Impressed marks are pushed into the raw clay with a die.
Incised marks are scratched into the clay before it is fired.
Moulded marks are raised pads applied above the base.
Printed marks were put on after the glaze.
Backstamps and Dating
The basic marking system for Royal Worcester originated in 1862, the crowned crest of four linked Ws. In 1891 the words Royal Worcester England were added around the crest. Puce coloured crests were used from 1900 until 1940 when the black ink mark took over. Green crest marks were used for the Boer and First World War soldiers, and blue marks were printed on a limited number of figurines.
1892 and every subsequent year a dot was added near the crown.
In 1916 a puce coloured star replaced all the dots and a dot is then added for each subsequent year.
1928 small square
1930 three horizontal lines
1931 two circles
1932 three circles
1933 to 1939 three circles and a dot is added for each subsequent year.
1940 – 1942 Black mark three circles and dots
1943-1944 no circles or dots BONE CHINA
1945-1948 bone china in small letters
1949 letter V is added
1950 letter W
1951-1963 a black dot was added
1964 onwards a shape system was introduced, firstly a circle and later a diamond
TWENTIETH CENTURY MODELLERS
In 1930 a new group of freelance, mostly female modellers were employed by the factory. Apart from Freda Doughty who made more traditional models, the other artists were more modern and made untraditional designs which did not sell very well. Some of these today are incredibly rare having only sold a handful in their time.
Freda Doughty 1895 – 1972
Born in Italy and educated at the Eastbourne school of art, Freda designed over 100 models for Royal Worcester most of which were very popular. Her figures were modelled from children who used to play in the garden of her home in Kent which she shared with her elder sister Dorothy. In later years the two sisters moved to a cottage near Falmouth. She was the only modeller who consistently produced what the general public seemed to want. Her charming children figures have continued in their popularity today.
Doris Linder 1896 – 1979
Born in North Wales she studied sculpture at St. Martins, Rome and Calderon’s animal school. Her first models for Royal Worcester were of dogs and other small animals. In 1935, her horse group models were started, followed by a successful series of real life studies of horses and bulls. The Limited Editions designed and modelled by Miss Lindner reached the height of popularity in the1960’s. Based in the Cotswolds, she worked untiringly until she was over 80 years old.

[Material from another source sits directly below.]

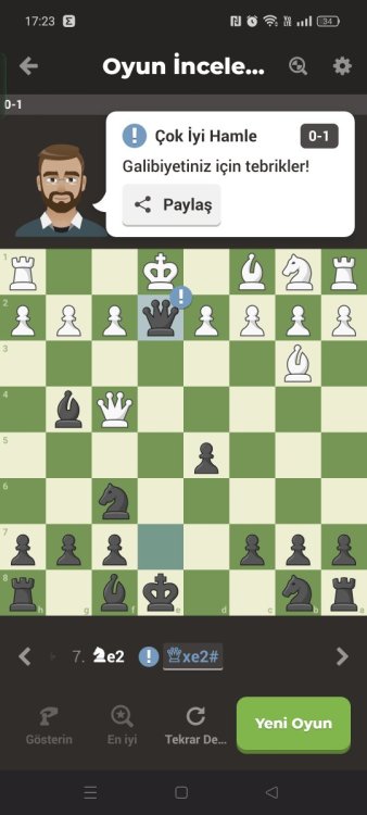11. Ava giden avlanır Bu #chess oyununa bakın: Waleediqbalofficial ile athinkingsadman - https://www.chess.com/live/game/120920670858 @buddha bu oyunu tahta üzerinde paylaşsana telefondan olmuyor [Event "Waleediqbalofficial vs. athinkingsadman"] [Site "Chess.com"] [Date "2024-11-16"] [White "Waleediqbalofficial"] [Black "athinkingsadman"] [Result "0-1"] [WhiteElo "435"] [BlackElo "471"] [TimeControl "600"] [Termination "athinkingsadman mat ederek kazandı"] 1. e4 Nf6 2. Bc4 e6 3. Qf3 d5 4. exd5 exd5 5. Bb3 Bg4 6. Qf4 Qe7+ 7. Ne2 Qxe2# 0-1
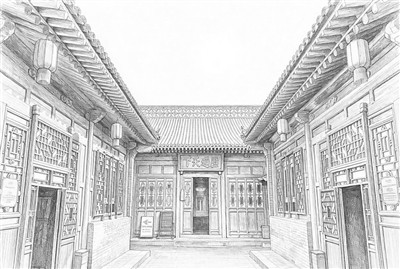 山西晋中平遥古城中国票号博物馆日昇昌旧址。AI修饰生成素描画

Gwendolen Parnell 1876 – 1957
Related to the Irish Parnells, her grandmother was lady in waiting to Queen Victoria, she had been producing figurines from her studio in Chelsea for several years before being commissioned by Royal Worcester to model for them.

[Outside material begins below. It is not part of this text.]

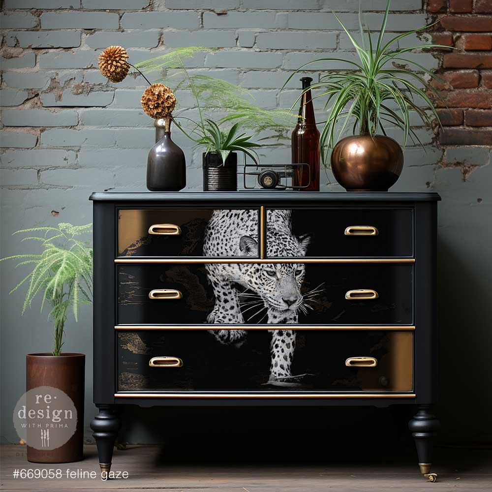 On the prowl, “Feline Gaze” will add a powerful design element to your room with bold black and stark white contrast, while celebrating the wonder of wild animals. Redesign’s A1 Decoupage Paper is printed on sturdy paper, allowing you to create unique and personalized decor pieces, such as wall art, furniture accents, and more. The unique design is perfect for decoupage projects, allowing you to layer and arrange the images to create a stunning finished product. Apply and seal with our Decoupage Gel in Gloss or Matte for best results. Pair with our Brayer or Scraper Tool to reduce wrinkles. 1 sheet, A1 size - (23.4”x33.1”)

Anne Acheson CBE 1882 – 1962
An Irish sculptor, she was educated in Belfast and the Royal College of art in London. Living in County Antrim and London, she produced several native figures such as the Dublin flower girl.

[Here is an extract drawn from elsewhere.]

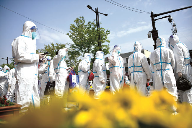 3月30日,嘉興經開區(qū)城南街道新月公寓的居民,在工作人員的引導下,有序登上疫情防控專用大巴,前往各醫(yī)學觀察隔離點。(王振宇)

Frederick Gertner 1886 – 1960
Born and educated in Worcester and Royal College of art London. He started working for the factory in 1915 and produced a number of figures including the popular historical series.
Ruth Van Ruyckvelt 1931 –
Born in Surrey and educated at Wimbledon school of art where she met and married Ronald. Both husband and wife made several successful models for the factory, Victorian Ladies being Ruths most sought after.